Drawn by the Pulse
June 22–October 14, 2018
Andre zigarrogileak plaza, 1
International Centre for Contemporary Culture
20012 Donostia-San Sebastián
Spain
T +34 943 11 88 55
info@tabakalera.eus
Curated by Cristina Cámara
From her earliest proposals during the late 1990s until her most recent work, Rosa Barba (Italian, resides in Germany) has woven a web of sculptures, installations, films and artist’s books. With an unusual treatment of the cinematic language and its components, the artist questions our present reality and our way of occupying the space that surrounds us—mentally and physically. She also proposes open debates regarding what is still to come. The artist creates new narratives and spatial pieces in which time itself is understood as a kind of accumulation, rather than a linear progression. On occasion, language eludes its semiotic function and moves towards abstraction, thus complicating how the work is read and heard.
Arid, extending landscapes—mainly deserts—and the relationship between film and astronomy act as the starting points to many of Barba’s most outstanding pieces. Both spaces, the desert and the cosmos, are capable of preserving documents regarding the relationship between human beings and nature and the influence that they have exerted on it. Deserts and astronomy also share something else: the encounter between old and new technologies, a coming together provoked by how they are used, as happens with deserts, or by the need to see what is not within sight, as is the case with astronomy. This relationship between the environment-as-document and the machine, mainly the machine of vision, together with a complex conception of time generated by the timelessness of vast spaces without geographical limits, allow Barba to propose works of an enigmatic nature, works of a certain opacity, that address the transformations of society and the changing ways in which we relate to it.
Her works carried out in astronomical observatories employ terrestrial shots that reproduce an ancestral mode of seeing, anchored to the earth and inherently linked to a need for knowledge. It is a gaze heavy with questions.

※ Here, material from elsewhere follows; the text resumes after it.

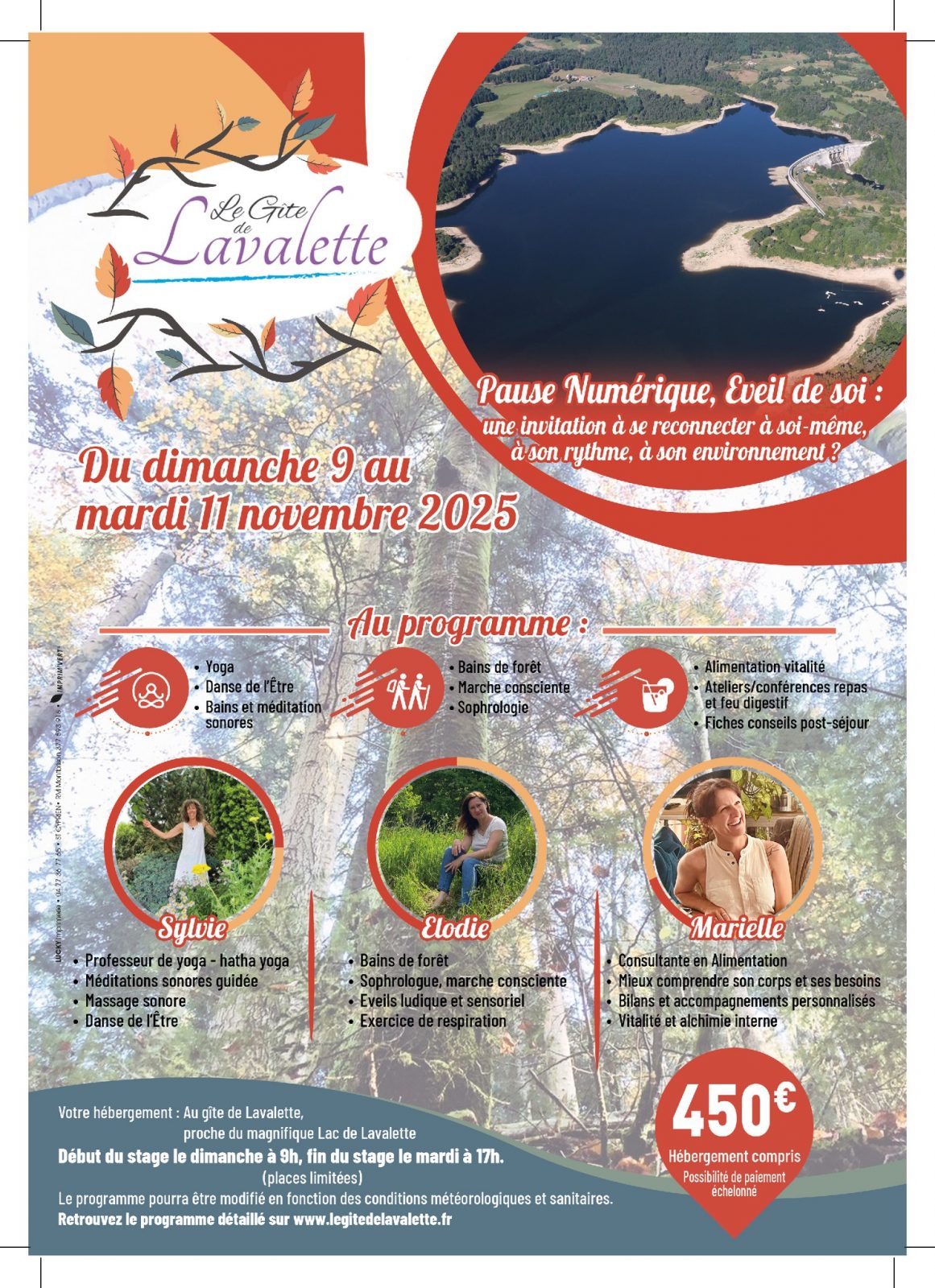 Et si l’automne devenait votre saison intérieure ? Un grand gîte chaleureux, un lac paisible, la nature flamboyante… Bains de forêts, bains sonores, alimentation saine. Moments de douceur et reconnexion à soi. Du 9 au 11 novembre. Sur réservation.

This way of looking through and from two, such different and yet so closely linked, machines of vision – the telescope and the cinematic camera, favors speculation over that which is outside the reach of the human eye. In the case of the telescope, these distant things may be forms of nature like the planets or the stars. In the case of the camera, they may be experiences related to time and to the relationships between the “I” and the world. The act of seeing in these works also maintains a relationship with history, with that which has happened. This history is not the vestiges that can be traced through landscape, but rather the knowledge and fascination that the cosmos has aroused in scientists, philosophers, writers and artists.
In this context, the central axis of the show is the piece Drawn by the Pulse (2018), produced for this occasion and from which it takes its title. Filmed at the Harvard Astronomical Observatory, the work takes as its starting point Henrietta S. Leavitt´s (USA, 1868–1921) research on the properties of stars.